Eğer böyle bir sahnede içinizden ha bire, “Çok iyi ya! Harika bir ortamda kitap okuyorum ve çok rahatlıyorum. Ne güzel!” türünden şeyler söylüyorsanız o işte bir sakatlık var demektir. Çünkü insan gerçekten keyif aldığı bir şeyi yaparken ne kadar keyif aldığını düşünmez. Eğer düşünüyorsa keyif alamadığı içindir ve hedeflenen keyif seviyesine ulaşmak için enerji harcıyordur. Bu da hayal kırıklığıyla karışık bir yorgunluğa sebep olur.
Hâlbuki hayatla kurulacak ilişkideki en önemli özellik samimiyettir ve samimiyet de çıkarsız olmayı gerektirir. Yani yaşadığın şeyler seni mutlu da edebilir mutsuz da. Bunu anlayan ve kabul edenler tevekkül sahibi, anlamayanlar da dert sahibi olur.
***
Şahsen ben ne zaman çok hayalini kurduğum bir şeyi yapsam, garip bir hayal kırıklığı hissediyorum. Çünkü hayalini kurduğum şey genelde benim hayalim olmuyor. Hikâye paylaşımlarında görüp özendiğim ve “Böyle yaparsan çok keyif alırsın” dayatması olan sahneleri kendimce kurgulamaya çalışıyorum.

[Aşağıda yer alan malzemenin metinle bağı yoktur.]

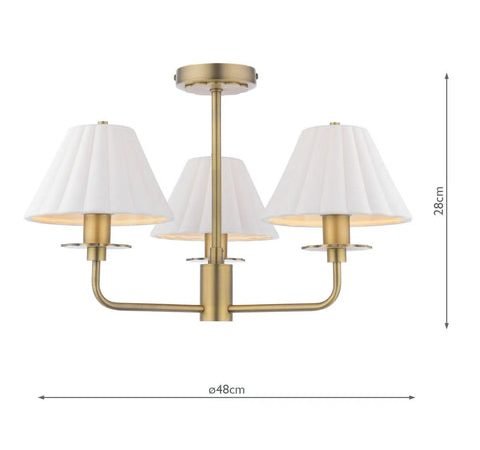 Laura Ashley Durford 3 Light Semi-Flush Matt Antique Brass and White Ceramic

Soğuk kahveyi sevmiyorum mesela ama sürekli kendimi soğuk kahve içmeye zorluyorum. Niçin? Çünkü soğuk kahvenin ne kadar keyifli bir şey olduğu bir şekilde zihnime kodlanmış ve bu kodlar arka planda sürekli çalışıyor. Efendi gibi limonata içmek varken, başka hayatlardan kırparak oluşturduğum ve yürüründe sıkıntı olan ikinci el hayallerin keyfini sürmeye çalışıyorum. Bu olay çok sık tekrarlanınca da “edinilmiş keyifsizlik” başlıyor.
***
Eğer dünya tarihinde herkesin tek amacı mutluluk olsaydı, şimdi ne okuyacak bir kitap bulabilirdik ne de üzerine konuşabilecek bir düşünce… Çünkü bu hayatta iz bırakanların, kederi ve keyfi aynı samimiyetle kucaklayan kişiler olduğunu biliyoruz.
“Olanda bir, olmayanda bin hayır vardır” sözünü tam manasıyla idrak edebilsek hiç problem kalmayacak aslında ama beceremiyoruz.